= Eric Leighton Holmes =

British chemist

Eric Leighton Holmes (4 July 1902 – 20 November 1966) was a British chemist who developed ion exchange resins in 1935, while working for the British Department of Scientific and Industrial Research.

Holmes was born in Hornsea, East Yorkshire. He was educated at Hymers College in Hull from where he obtained scholarships to Imperial College where he graduated BSc (1924) with first-class honours in chemistry and then MSc (1925).

Holmes was a student under Christopher Kelk Ingold at Leeds University for two years from 1925, studying aromatic substitutions. He then moved to the Royal Institution in London and continued his research in this area with Bernhard Flürscheim and Sir William Henry Bragg. In 1931 he moved to the Chemical Research Laboratory at Teddington (now the site of the Laboratory of the Government Chemist and the National Physical Laboratory) where he worked with Professor Gilbert Thomas Morgan on phenolic resins. It was here that Holmes conducted his pioneering research with Basil Albert Adams that led to the development of ion-exchange resins.

The work of Holmes and Adams was read to the Chemical Society in 1934, they applied for patents and published in the journal of the Society of Chemical Industry in 1935. In 1936, Holmes left the Chemical Research Laboratory to work for the next nine years for the Permutit company to develop the ion-exchange resin technologies.

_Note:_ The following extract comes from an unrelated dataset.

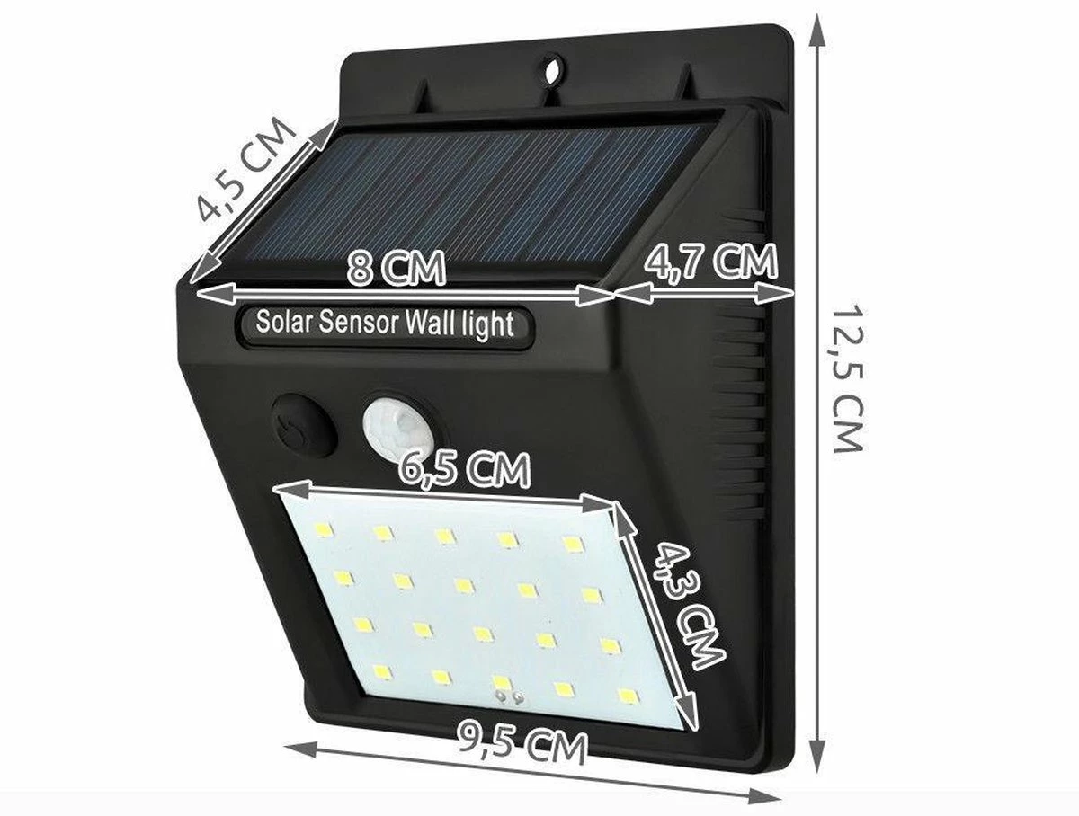 Dès que le capteur de mouvement détecte un mouvement, la lampe s’allume et lorsqu’il n’y a plus de mouvement, elle s’éteint après un certain temps pour économiser de l’énergie. Si aucune lumière n’est nécessaire pendant la journée, la lampe s’éteint complètement et se charge par la lumière du soleil.

After resigning in 1945 he carried out consultancy work for around five years before another spell in industry, this time with the companies Catalin, the Rubber Improvement Company, and Harborough Engineering.

Holmes died in November 1966 after falling ill in May of that year.

Holmes published a paper with Ingold that claimed to experimentally verify Ingold's theories of the electrochemical basis for organic chemical reactions, part of a heated debate between Ingold and Robert Robinson.

He was a 1951 recipient of the Franklin Institute's Howard N. Potts Medal in Chemistry with his co-researcher Basil A. Adams being awarded the Engineering medal for that year.
Holmes also received the 1958 John Scott Medal from the City Council of Philadelphia for the same work, with this medal awarded to those whose work has improved the "comfort, welfare, and happiness of human kind". These were both awards made by US institutions, and the author of Holmes's 1967 obituary in the Effluent & Water Treatment Journal expressed regret that he was "not similarly honoured by Britain".